Avani Chhaya Was Bullied In School. Years Later, She's Found Peace With Her Tormentor.
Earlier this year, before all of this began, we put out a call for your stories about overcoming differences — true stories about finding common ground.
Working with the Austin Public Library and The Library Foundation, we collected the submissions and helped writers shape their stories into pieces to read for the radio.
Then the pandemic happened — and then the killing of George Floyd, which prompted a massive wave of protest against police violence and institutional racism. Also, a polarizing presidential election.
Amid all that, these stories took on a new meaning. Suddenly, the need for finding common ground felt even stronger.
So this week, we’re going to start hearing the stories written by 16 people in Austin about their experience bridging differences with someone else. We’ll hear one of these stories each week. We begin with Avani Chhaya, who writes about the bullying she faced in grade school — and how she ultimately came to understand her bully.
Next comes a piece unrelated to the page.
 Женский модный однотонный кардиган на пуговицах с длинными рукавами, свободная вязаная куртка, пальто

Read Avani Chhaya's story below:
We were standing in a triangle configuration in our 5th grade classroom. You were so much taller than all of the other kids in class, towering and leering over the rest of us. You called me a shrimp back then.
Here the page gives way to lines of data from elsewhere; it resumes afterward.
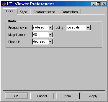 Для настройки инструмента Simulink LTI-Viewer (установки или изменения единиц измерения, установки стиля графиков, установки интервалов времени и частот и т.д.) необходимо в меню окна LTI-Viewer выбрать Edit и в выпадающем меню выбрать команду Viewer Preferences. С помощью данной команды выполняются следующие виды настройки: 1. Установка единиц измерения (вкладка Units). Вид окна при настройке единиц измерения показан на рис. 6. Вкладка Units окна позволяет задать единицы измерения частоты (рад/c или Гц), уровня (dB или абсолютные единицы), фазы (градусы или радианы), а также установить вид шкалы частоты (логарифмический или линейный).
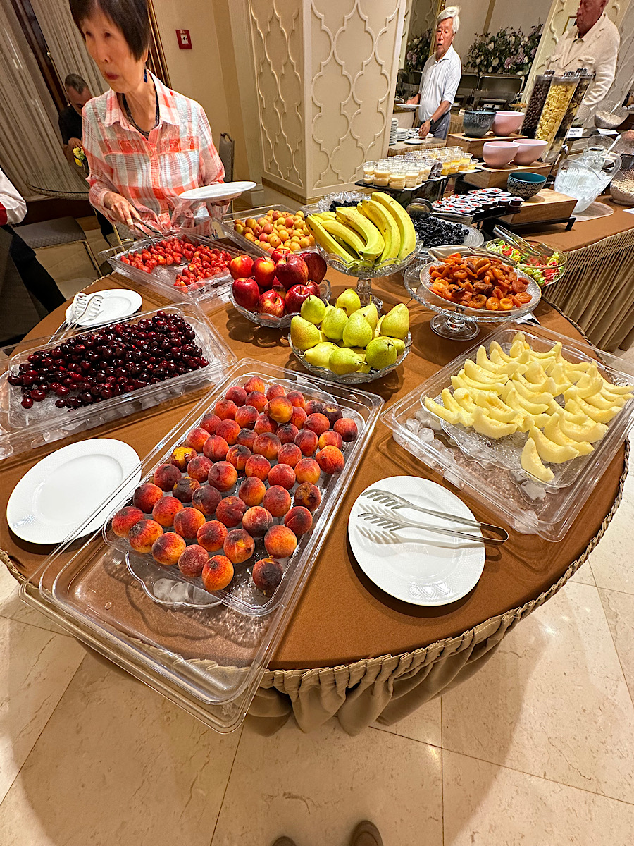 IMG_7617 Published July 16, 2025 at 900 × 1200 in May 21, 2025: Exploring Ashgabat and Its Surroundings. ← Previous / Next → Lavish breakfast buffet with lots of fresh fruit.
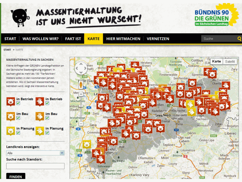 Die Grünen in Sachsen haben auf ihrer Internetseite www.massentierhaltung-sachsen.de die Standorte der genehmigten Tierhaltungsanlagen und diejenigen, die eine Genehmigung beantragt haben, in einer Karte veröffentlicht. Angegeben wird für jede dieser gut 150 Tierhaltungsanlagen in Sachsen jeweils die genaue Bezeichnung des Betreibers, die Produktionsausrichtung, die Zahl der genehmigten bzw. beantragten Plätze und der jeweilige Standort (Postleitzahl und Ort). Das Ganze wird begleitet von Parolen und Wahlkampfgetöse gegen die Tierhaltung mit den alten, abgekauten und nicht stimmigen Argumenten insbesondere zum Thema Tierschutz.

You faced my classmate, the only other Indian girl besides me. “What’s that dot on your forehead?” you said, with so much malice seeping into every syllable.
Tears sprang to her eyes. Her cheeks became flushed. And stuttered responses bounced on the tiled floor. I stayed silent. How could I explain the cultural beauty of the chandlo? How was I supposed to know that chandlos, also called bindis, would become culturally appropriated by Western culture? It feels like an ironic and symbolic moment in my life, between you and I.
But I stayed silent – out of shame, out of difficulty in advocating for ourselves, out of cowardice that I would become your next target. I will forever regret my silence in that moment.
This was my first encounter with a racial microaggression before I had the words to even call it that. This was the first microaggression but hardly the last. I’ve been called an inverse coconut, white on the outside and brown on the inside. I’ve been asked, “What are you?" as if I’m anything other than human, other than flesh and blood. I’ve been asked, “Where are you from?” promptly followed up by “Where are you really from?” as if my sense of belonging was called into question. How was I to know then that a person of color would always feel like a second-class citizen in her own country? My scars, you would have called them.
Despite my attempts to become invisible, you nevertheless became my bully. Calling me names around hallways. Circling around me in front of the school doors, just out of the teachers’ eyeline, between you and I.
There were name-calling and taunts. But that microaggression came to define fifth grade for me. Even twenty years later, I can close my eyes and be fully transported to that place of shame and cowardice within that triangle of classmates. I often wondered what caused you to act that way.
On an ordinary afternoon, later in the school year, we stumbled upon your back door, singing carols in our neighborhood. I tried to shrink behind the other girls. And I remember you standing there, next to your aunt. The overhead light in the living room was on, casting a yellow glow throughout the house. You looked small then. In the dim glimmer of yellow light, you weren’t a towering bully. You were beautifully human. Kindness brought you back.
We had more in common, you and I. We came from the same neighborhood, from the same brick townhouses. We came from the same socio-economic level. We both identified as people of color.
Despite our differences – the bully and the victim, the tower and the shrimp – both of us yearned for acceptance and to be unconditionally loved, you and I.
I came to realize that you picked on others because you were broken too, and you wanted to see scars that matched your own.
I chastise myself for not raising my voice in that moment, for being too afraid. But I’m not afraid anymore. I fill classrooms with my voice these days. Can you believe it? I slash through present-day microaggressions with a ferocity that you could only imagine. You wouldn’t dare call me a shrimp if you saw me now.
I wonder if we would be friends, if we bumped into each other on the street today, you and I.
I would ask if life has been kind to you and if your scars, like mine, are healing after all.